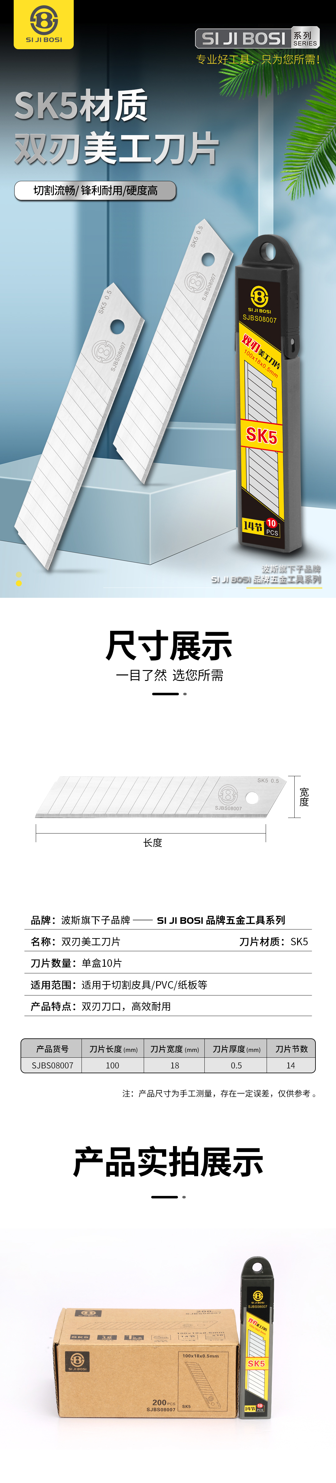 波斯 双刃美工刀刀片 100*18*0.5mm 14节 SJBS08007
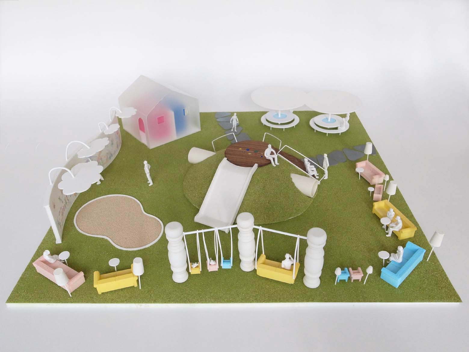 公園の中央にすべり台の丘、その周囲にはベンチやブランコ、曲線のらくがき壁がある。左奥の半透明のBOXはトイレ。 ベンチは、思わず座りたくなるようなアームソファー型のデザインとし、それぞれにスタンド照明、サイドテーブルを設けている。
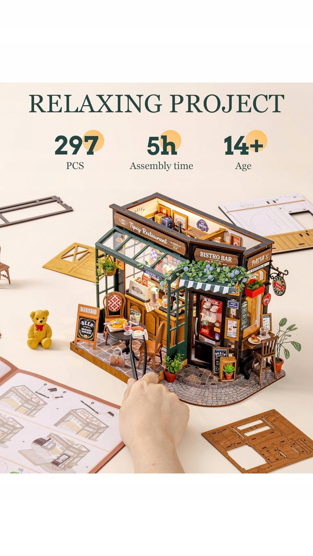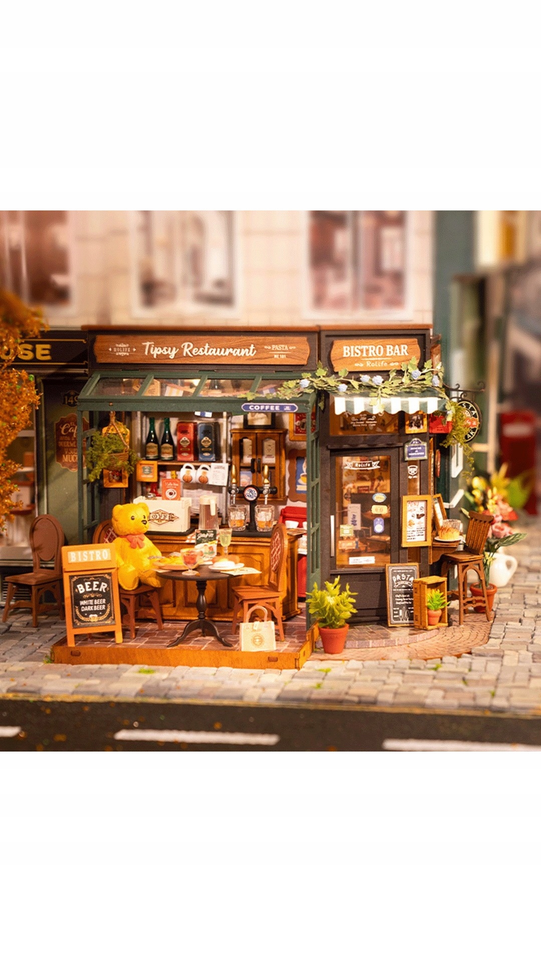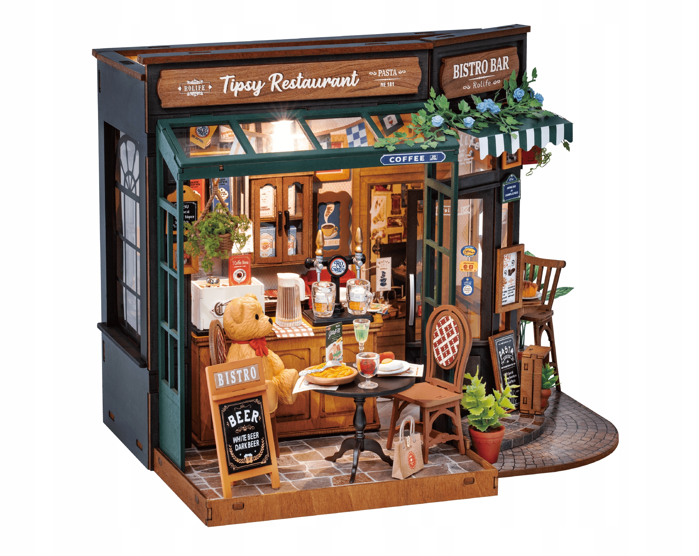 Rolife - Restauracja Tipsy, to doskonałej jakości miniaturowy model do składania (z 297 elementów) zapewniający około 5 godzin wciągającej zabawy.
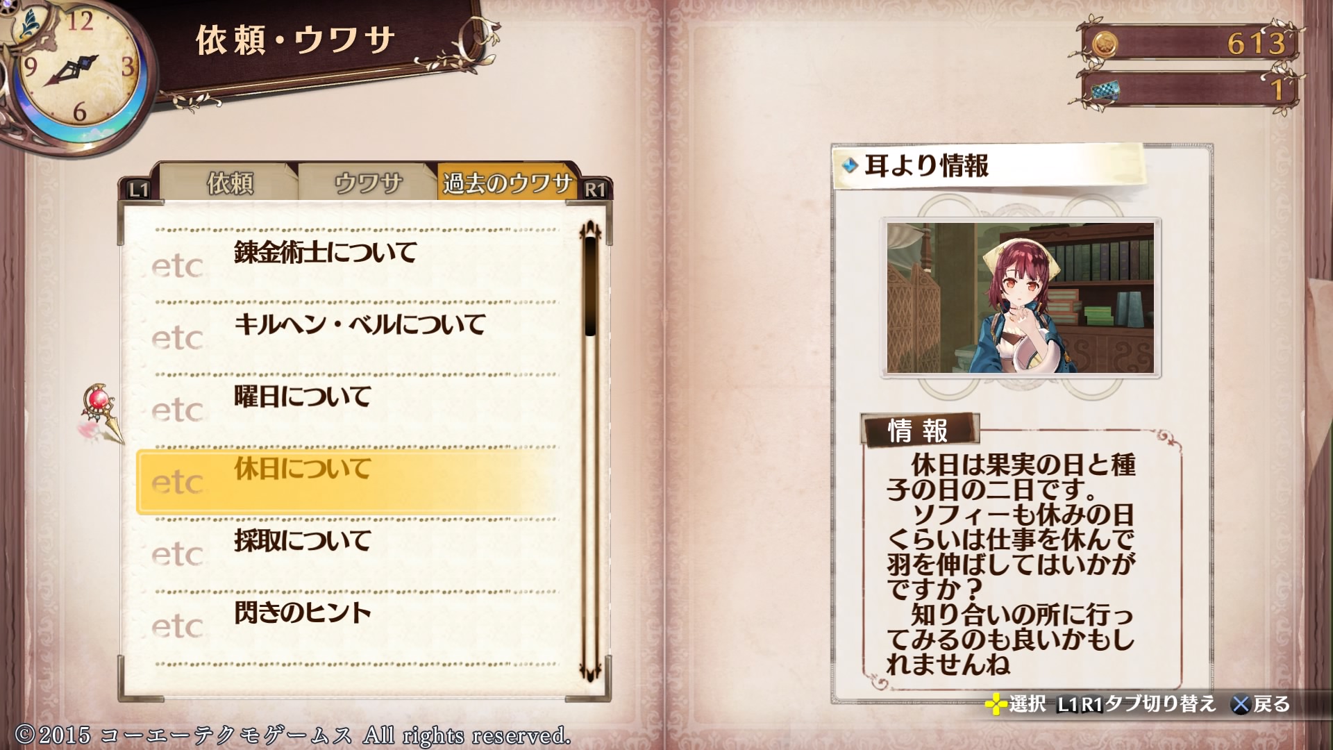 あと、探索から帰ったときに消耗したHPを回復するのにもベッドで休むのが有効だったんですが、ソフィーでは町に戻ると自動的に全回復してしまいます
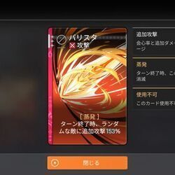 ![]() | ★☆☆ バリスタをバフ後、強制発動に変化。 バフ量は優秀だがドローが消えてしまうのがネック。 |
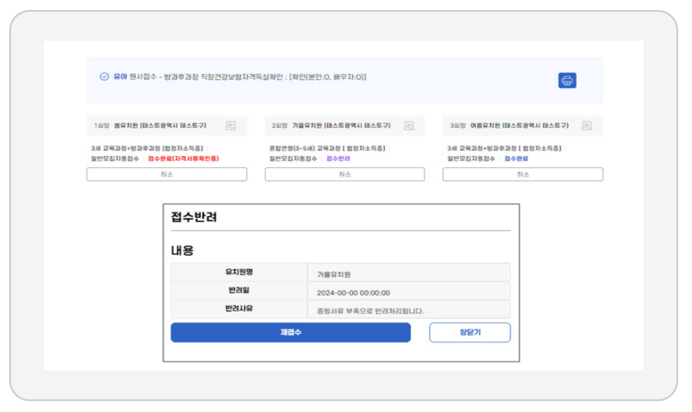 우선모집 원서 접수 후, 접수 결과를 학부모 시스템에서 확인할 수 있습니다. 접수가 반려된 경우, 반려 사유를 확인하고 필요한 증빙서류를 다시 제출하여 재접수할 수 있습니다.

==

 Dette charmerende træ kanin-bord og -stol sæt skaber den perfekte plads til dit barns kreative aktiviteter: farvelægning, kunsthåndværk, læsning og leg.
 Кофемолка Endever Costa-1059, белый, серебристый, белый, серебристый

...

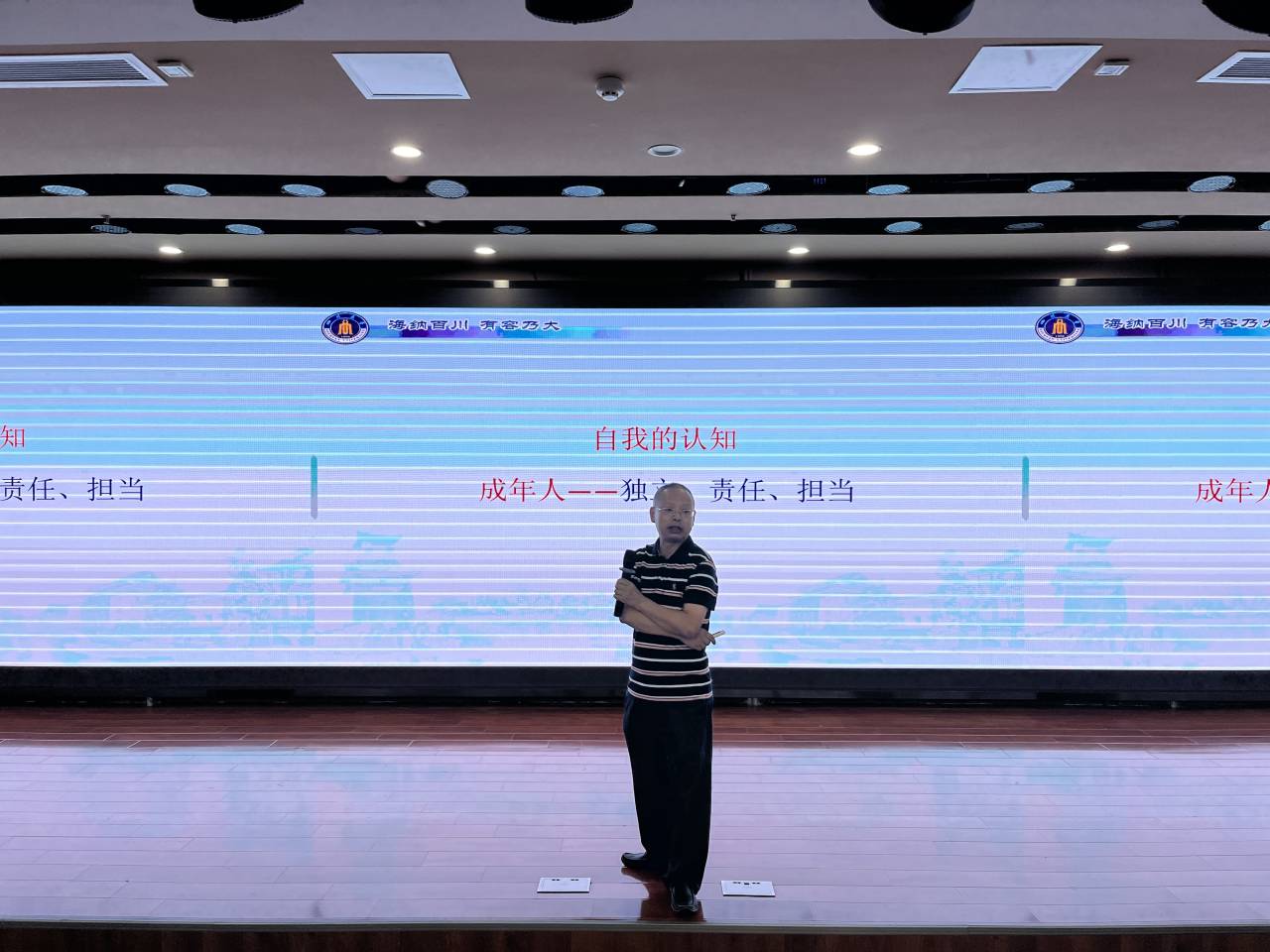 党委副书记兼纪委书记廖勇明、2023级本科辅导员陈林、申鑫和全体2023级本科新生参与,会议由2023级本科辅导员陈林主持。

ABOUT THIS TASK -
Repeat, without pictures, exactly the lines of the data above from the one containing "波斯 双刃美工刀刀片 100*18*0.5mm 14节 SJBS08007" through the one containing "우선모집 원서 접수 후, 접수", including both and adding nothing.

WRITTEN ANSWER -
 波斯 双刃美工刀刀片 100*18*0.5mm 14节 SJBS08007
 公園の中央にすべり台の丘、その周囲にはベンチやブランコ、曲線のらくがき壁がある。左奥の半透明のBOXはトイレ。 ベンチは、思わず座りたくなるようなアームソファー型のデザインとし、それぞれにスタンド照明、サイドテーブルを設けている。
 Rolife - Restauracja Tipsy, to doskonałej jakości miniaturowy model do składania (z 297 elementów) zapewniający około 5 godzin wciągającej zabawy.
 あと、探索から帰ったときに消耗したHPを回復するのにもベッドで休むのが有効だったんですが、ソフィーでは町に戻ると自動的に全回復してしまいます
 ![]() | ★☆☆ バリスタをバフ後、強制発動に変化。 バフ量は優秀だがドローが消えてしまうのがネック。 |
 우선모집 원서 접수 후, 접수 결과를 학부모 시스템에서 확인할 수 있습니다. 접수가 반려된 경우, 반려 사유를 확인하고 필요한 증빙서류를 다시 제출하여 재접수할 수 있습니다.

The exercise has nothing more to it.